Exercise instructions »
Starting at the first line of the entries below, restate each line exactly until you reach the line with "按上图计算,华威农贸市场20", and print that one too. Leave the pictures out and stop there.

[Entries taken from a collection]
....
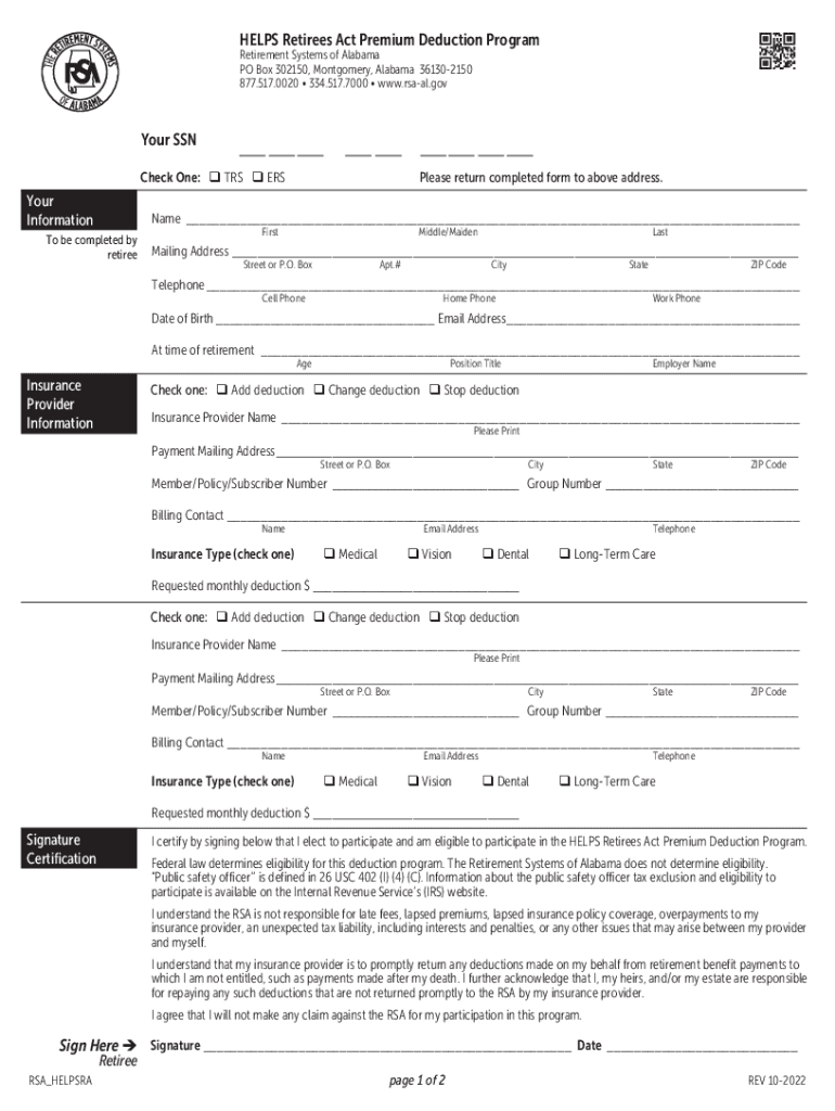 Helps Retirees Act Premium is not the form you're looking for?Search for another form here.
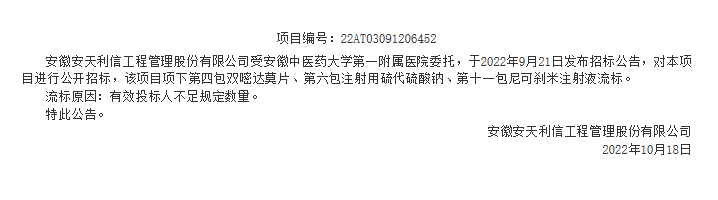 【安徽中医药大学第一附属医院】采购2022年部分药品(第一批)流标公示(20221018)
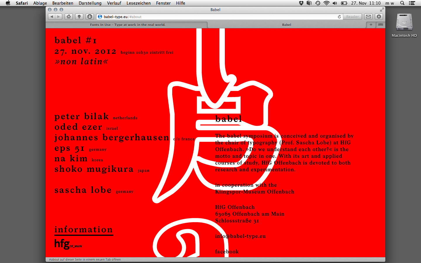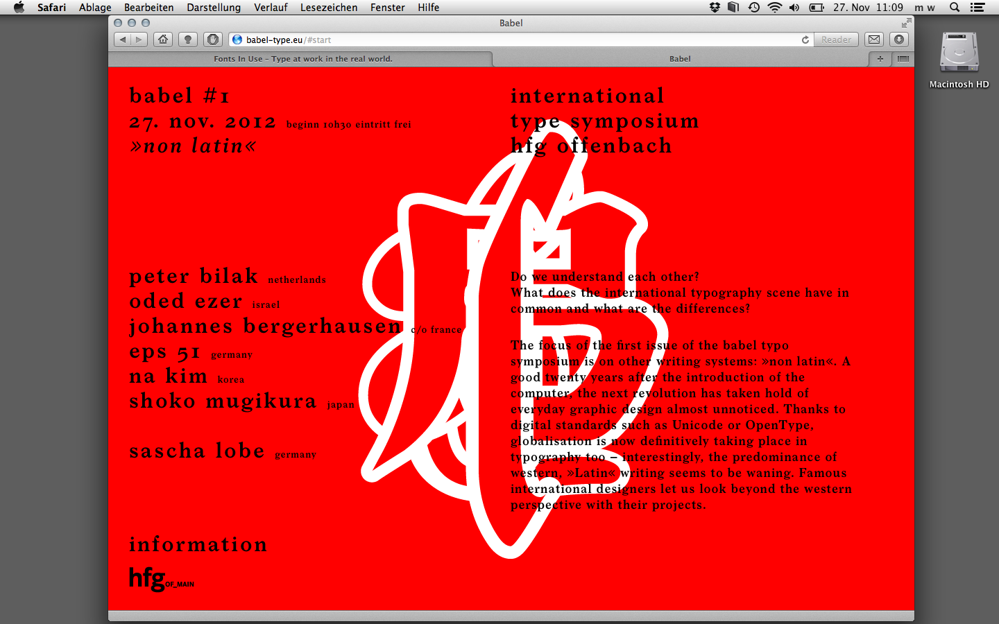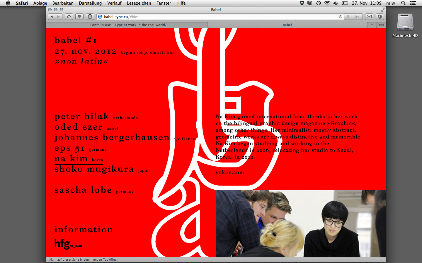 Babel #1 is an international type symposium held right now (the 27th of November) at the Hochschule für Gestaltung in Offenbach am Main. Apart from Offenbach’s other delights (among them Äppelwoi and others), the symposium scores with speakers like Peter Biľak (typotheque) and Na Kim, who art-directed the renowned Korean Graphic magazine.
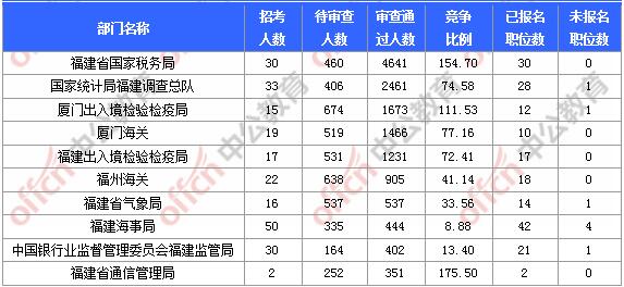 截至11月6日16時,據(jù)中公網(wǎng)校統(tǒng)計,國考職位中工作地點在福建的職位4785人待審 ,14773人通過審核,共報名19558人,其中有8個職位無人報名,平均競爭比例為61.98:1。
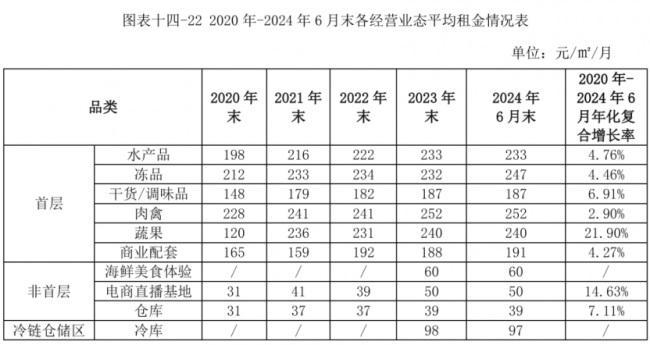 按上图计算,华威农贸市场2020年-2024年6月末逐段时间的平均租金单价分别为141.63元/㎡/月、167.75元/㎡/月、172.25元/㎡/月、158.9元/㎡/月和159.6元/㎡/月。
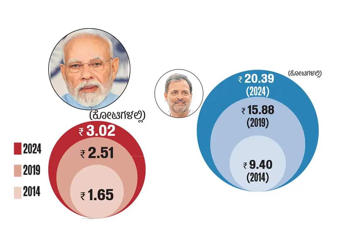 2014ರಲ್ಲಿ ₹ 1.65 ಕೋಟಿ ಇದ್ದ ಪ್ರಧಾನಿ ನರೇಂದ್ರ ಮೋದಿಯವರ ಒಟ್ಟು ಆಸ್ತಿ 2024ಕ್ಕೆ ₹ 3.02 ಕೋಟಿಗೆ ಏರಿಕೆಯಾಗಿದೆ. ₹ 2019ರಲ್ಲಿ ಅವರ ಆಸ್ತಿ ₹ 2.51 ಕೋಟಿ ಇತ್ತು.
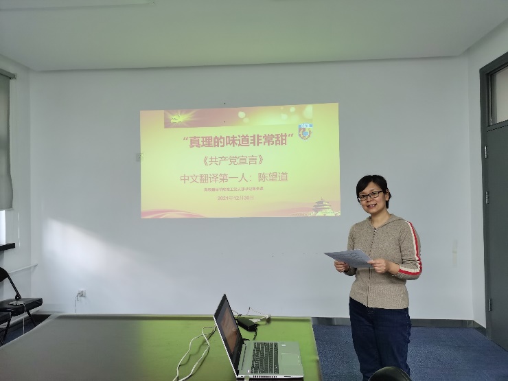 《共产党宣言》中文翻译陈望道先生:“真理的味道非常甜”——学院教工党支部开展支部书记讲党课活动2021年12月30日上午,鸭脖官网教工党支部开展党支部书记讲党课活动。教工支部书记林薇老师以《“真理的味道非常甜”》为题,讲述了《共产党宣言》中文翻译第一人陈望道先生生平和翻译《共产党宣言》的故事,分享了自己学习陈望道先生一生翻译和学术研究经历的感悟和体会。党总支书记葛冬冬主持党课。林薇老师从陈望道翻译《共产党...
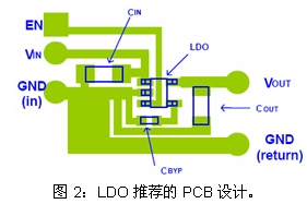 如在TCXO(溫度補償晶振)電源中,其只需要5mA的負(fù)載電流,Vout固定,若能控制Vin的值僅稍大于Vout+Vdrop,(一般地,CMOS LDO的Vdrop在Iout=5mA條件下,其值為5mV~10mV),則LDO的自身功耗Pd在不到1mW,這取決于方案設(shè)計工程師在應(yīng)用電路中的設(shè)計。
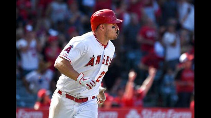 Angels star Mike Trout has homered in four straight games, matching a career best. The two-time AL MVP connected five times in that span, and tries to keep up the streak when Milwaukee visits Anaheim.
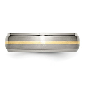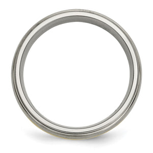 Distinctive style featuring a domed shape, a 14k yellow gold inlay center with a brushed finish, ridged edges with a polished finish, and a standard fit shank created from titanium. This 6mm width, two-tone, unisex band is suitable for engraving.�
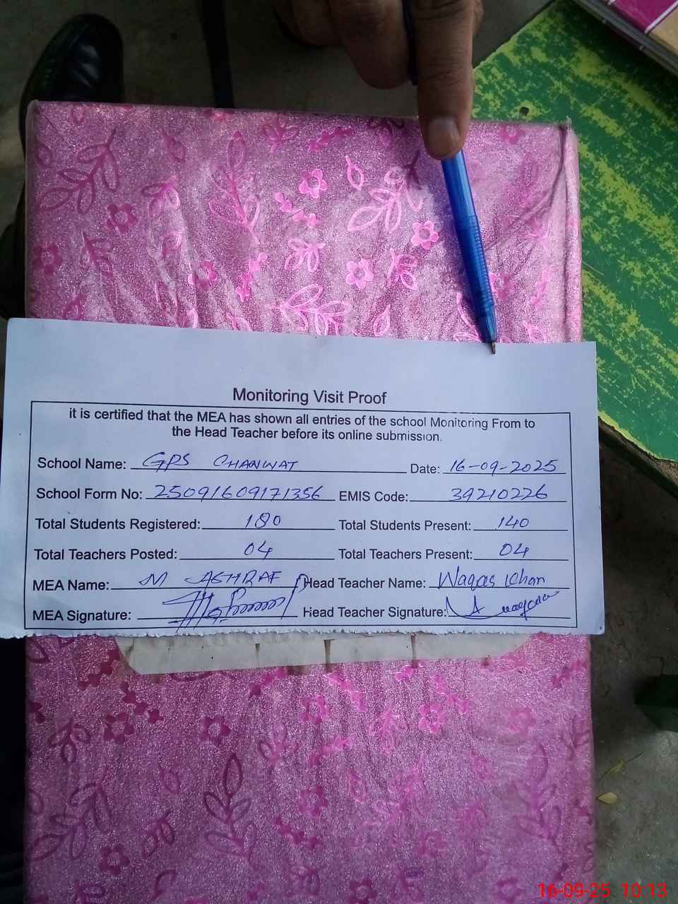 | EMIS Code: 39210226 | Name of School: GPS CHANWAT | |||
....
Solution to this exercise »
 Helps Retirees Act Premium is not the form you're looking for?Search for another form here.
 【安徽中医药大学第一附属医院】采购2022年部分药品(第一批)流标公示(20221018)
 Babel #1 is an international type symposium held right now (the 27th of November) at the Hochschule für Gestaltung in Offenbach am Main. Apart from Offenbach’s other delights (among them Äppelwoi and others), the symposium scores with speakers like Peter Biľak (typotheque) and Na Kim, who art-directed the renowned Korean Graphic magazine.
 截至11月6日16時,據(jù)中公網(wǎng)校統(tǒng)計,國考職位中工作地點在福建的職位4785人待審 ,14773人通過審核,共報名19558人,其中有8個職位無人報名,平均競爭比例為61.98:1。
 按上图计算,华威农贸市场2020年-2024年6月末逐段时间的平均租金单价分别为141.63元/㎡/月、167.75元/㎡/月、172.25元/㎡/月、158.9元/㎡/月和159.6元/㎡/月。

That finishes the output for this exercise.